Wigner outside the lab models the lab as:
$$\frac{1}{\sqrt{2}}\left(|\uparrow\rangle + |\downarrow\rangle\right)\otimes|D_{0}\rangle\otimes |L_{0}\rangle$$
where $D_{0}$ represents the device in the "ready" state before any readings and $L_{0}$ is the initial state of the lab.

After under unitary evolution the entire lab evolves for Wigner as:
$$\frac{1}{\sqrt{2}}\left(|\uparrow\rangle \otimes |D_{\uparrow}\rangle \otimes |L_{\uparrow}\rangle + |\downarrow\rangle \otimes |D_{\downarrow}\rangle \otimes |L_{\downarrow}\rangle\right)$$
where $\{|D_{\downarrow}\rangle ,|D_{\uparrow}\rangle\}$ represents indicator states of the device and $\{|L_{\downarrow}\rangle ,|L_{\uparrow}\rangle\}$ are corresponding states of the lab.

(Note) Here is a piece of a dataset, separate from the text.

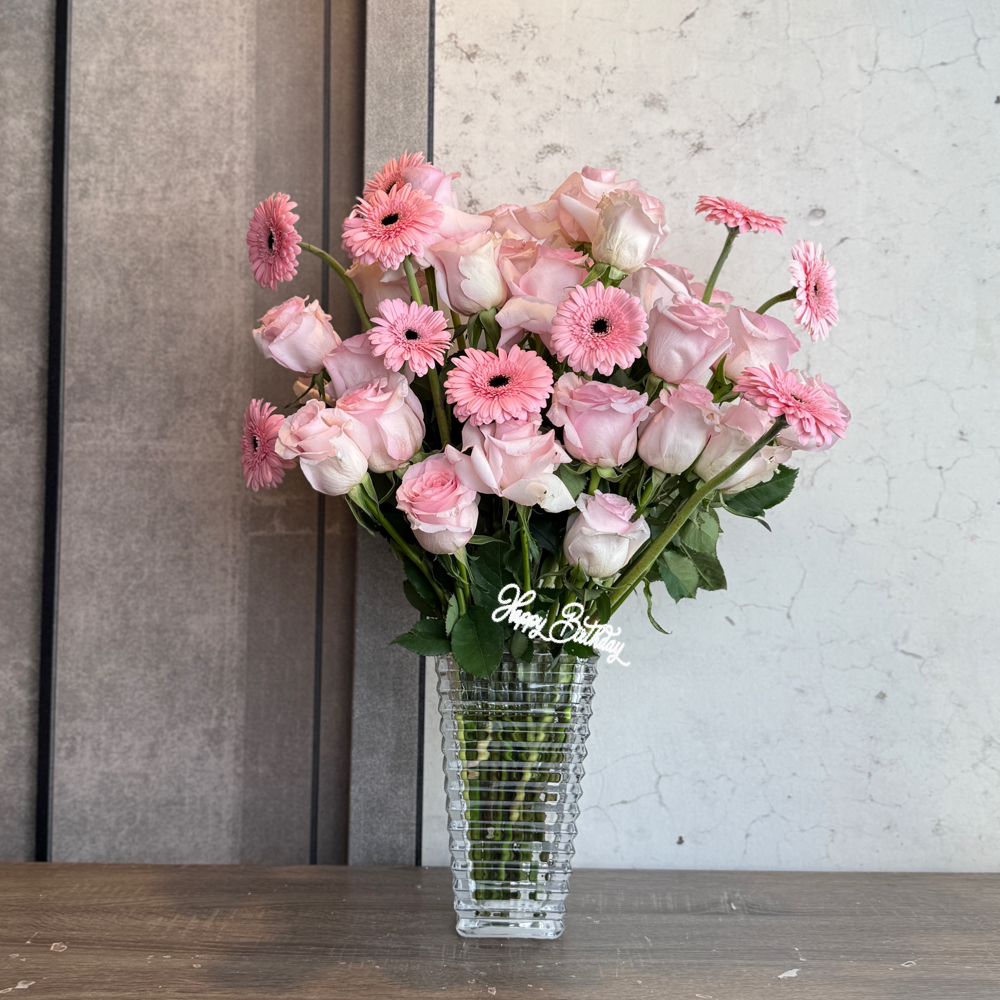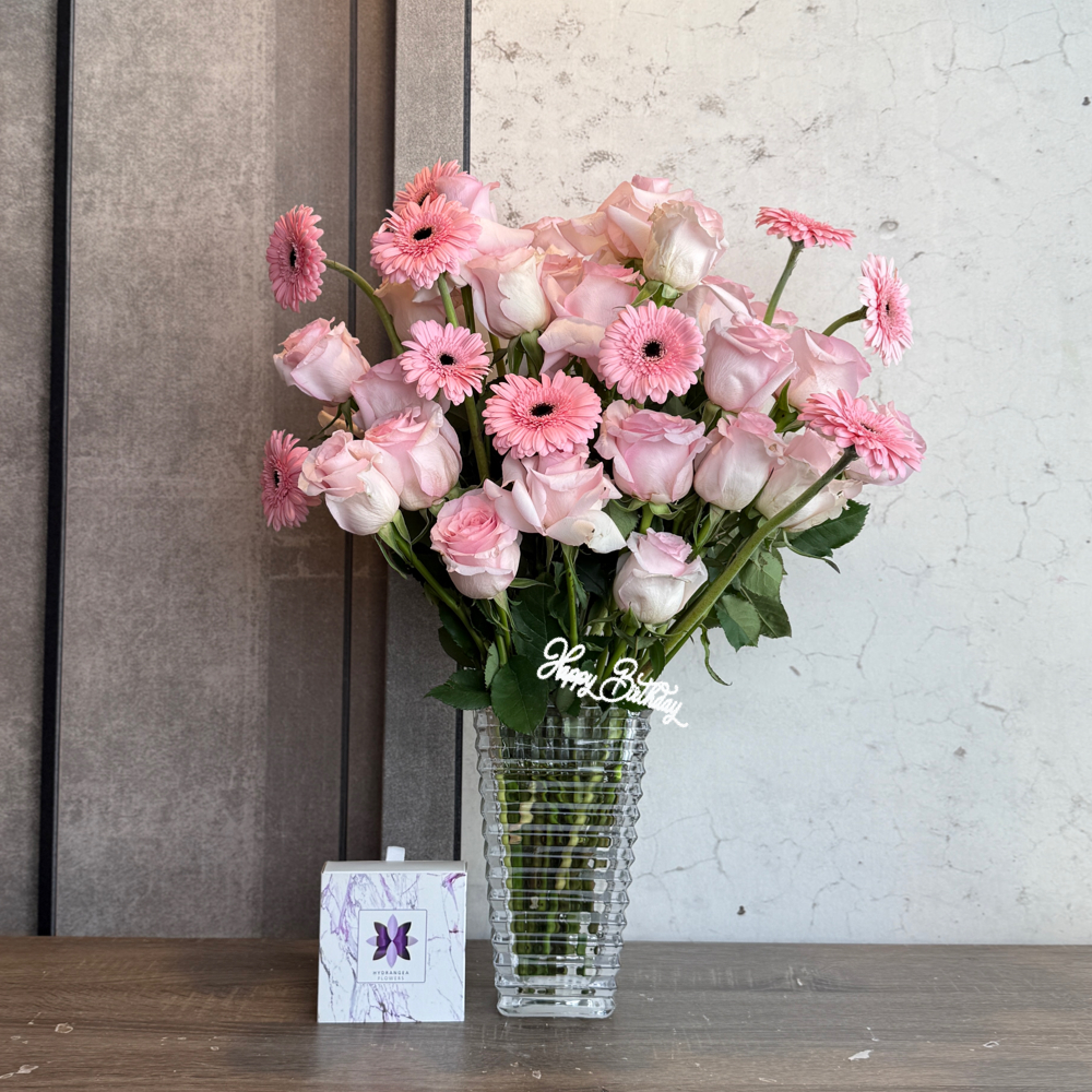 فازة تحتوي على زهور الجوري والجيربيرا، مرتبة بشكل جميل. تأتي مع الشوكولاتة البلجيكية.

Wigner can then measure the entire lab system in the basis:
$$\left\{\frac{1}{\sqrt{2}}\left(|\uparrow\rangle \otimes |D_{\uparrow}\rangle \otimes |L_{\uparrow}\rangle + |\downarrow\rangle \otimes |D_{\downarrow}\rangle \otimes |L_{\downarrow}\rangle\right),\\ \frac{1}{\sqrt{2}}\left(|\uparrow\rangle \otimes |D_{\uparrow}\rangle \otimes |L_{\uparrow}\rangle - |\downarrow\rangle \otimes |D_{\downarrow}\rangle \otimes |L_{\downarrow}\rangle\right)\right\}$$
corresponding to some observable $\mathcal{X}$. Assigning $\{E_{+},E_{-}\}$ to indicate the two outcomes for brevity, he will have
$$P(E_{+}) = 1$$
in seeming contradiction with the device having recorded some result.

#### DarMM

Gold Member
One question: Typically a family of histories is a projective decomposition of the identity, such that the probabilities of the histories sum to one. For the families above, I compute a probability of 0.25 for each history, and two histories in each family mean their probabilities sum to 0.5? Although maybe there are more general accounts of families beyond PDIs I'm not aware of.
Sorry a total error on my part. We have five families.

The first:
$$\left\{\left[ 0\right]\otimes\left[W_{0}\right] , \left[ 1\right]\otimes\left[W_{0}\right], \left[ 0\right]\otimes\left[W_{1}\right], \left[ 1\right]\otimes\left[W_{1}\right] \right\}$$
Only those with matching values have non-zero probability.

The second:
$$\left\{\left[ 0\right], \left[ 1\right] \right\}$$
both with 0.5

The third:
$$\left\{\left[W_{0}\right], \left[W_{1}\right] \right\}$$
both with 0.5

Obviously the second and third can be seen as a coarse-graining of the first.

The fourth:
$$\left\{\left[ 0\right]\otimes\left[W_{+}\right] , \left[ 1\right]\otimes\left[W_{+}\right], \left[ 0\right]\otimes\left[W_{-}\right], \left[ 1\right]\otimes\left[W_{-}\right] \right\}$$
with outcomes all having a probability of 0.25

The fifth:
$$\left\{\left[W_{+}\right], \left[W_{-}\right] \right\}$$
with the first outcome having $P\left(\left[W_{+}\right]\right) = 1$

Now the second family can be seen as a coarse graining of the fourth one, but the fifth is incompatible with the fourth.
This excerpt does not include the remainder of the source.